The texture of the silence has changed. Less awkward now. Thank fuck. "What were you doing breaking curfew, anyway?" he tries.

"We weren't. We just went for a few beers. And then this happened."

"Right."

She shrugs, not caring for his scepticism. "What were you doing?"

"Writing."

"A new film?"

He shakes his head. "I've been thinking about some behind the scenes segments for the first season. Help the audience get to know the characters."

"Like, location shooting?"

"Yeah. You want to help with that?"

Another shrug, poorly played off as ambivalence. "Maybe."

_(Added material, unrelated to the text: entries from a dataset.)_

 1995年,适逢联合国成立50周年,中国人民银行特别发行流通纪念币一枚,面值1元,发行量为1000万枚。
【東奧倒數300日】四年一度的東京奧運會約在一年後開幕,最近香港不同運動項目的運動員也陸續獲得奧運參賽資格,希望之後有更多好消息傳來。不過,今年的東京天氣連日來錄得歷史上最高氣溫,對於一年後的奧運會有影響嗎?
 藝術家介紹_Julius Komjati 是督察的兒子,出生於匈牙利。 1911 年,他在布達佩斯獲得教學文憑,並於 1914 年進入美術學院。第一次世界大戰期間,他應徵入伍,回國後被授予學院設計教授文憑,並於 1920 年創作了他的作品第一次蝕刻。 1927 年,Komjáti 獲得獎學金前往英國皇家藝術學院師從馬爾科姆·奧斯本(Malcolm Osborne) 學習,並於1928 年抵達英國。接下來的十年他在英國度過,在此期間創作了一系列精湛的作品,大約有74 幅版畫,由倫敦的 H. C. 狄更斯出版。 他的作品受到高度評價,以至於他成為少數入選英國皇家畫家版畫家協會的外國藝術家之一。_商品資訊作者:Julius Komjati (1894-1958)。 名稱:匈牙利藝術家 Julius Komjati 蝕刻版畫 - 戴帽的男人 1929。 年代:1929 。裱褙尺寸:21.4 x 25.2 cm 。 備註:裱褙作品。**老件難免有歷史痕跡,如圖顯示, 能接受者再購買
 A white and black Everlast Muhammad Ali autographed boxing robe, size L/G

He smiles inwardly, knowing she's in. For now, that's more than enough.


She can smell cigarette smoke. And the world is dark behind closed eyes again.

"Where am I?" she says.

"You know that's a cliché."

She opens her eyes. The world looks normal enough, edges of the furniture reassuringly solid; no more trailing blur when she moves her head. She pushes herself up onto her elbows. "What?"

"No one really says that if they don't actually know. Trust me. They go straight to the screaming panic."

She makes an indignant sort of noise. "I guess the smell was familiar," she returns.

He merely takes another drag in response. "How do you feel?"

"Tired. Headachey. More sane."

"You got spiked."

"Apparently." She finds a sitting position, working out the kinks in her spine from sleeping on the sofa.

"Do you remember it?"

"It's kind of a blur…" Certainly the first part. Later she remembers him talking – reading something maybe. She can't remember the words but she knows it was his voice. You stayed up with me, she doesn't say.

"Yeah. Try and keep it that way if I was you." He looks her up and down. "You wanna go get breakfast?"

Oh, I couldn't put you to that trouble. That's what she should say. The words are right there on the tip of her tongue. But really, how much more trouble is breakfast after a night talking her down from crawling terror?

"Yeah," she says. She can practically taste the bacon already. "Actually, that'd be great."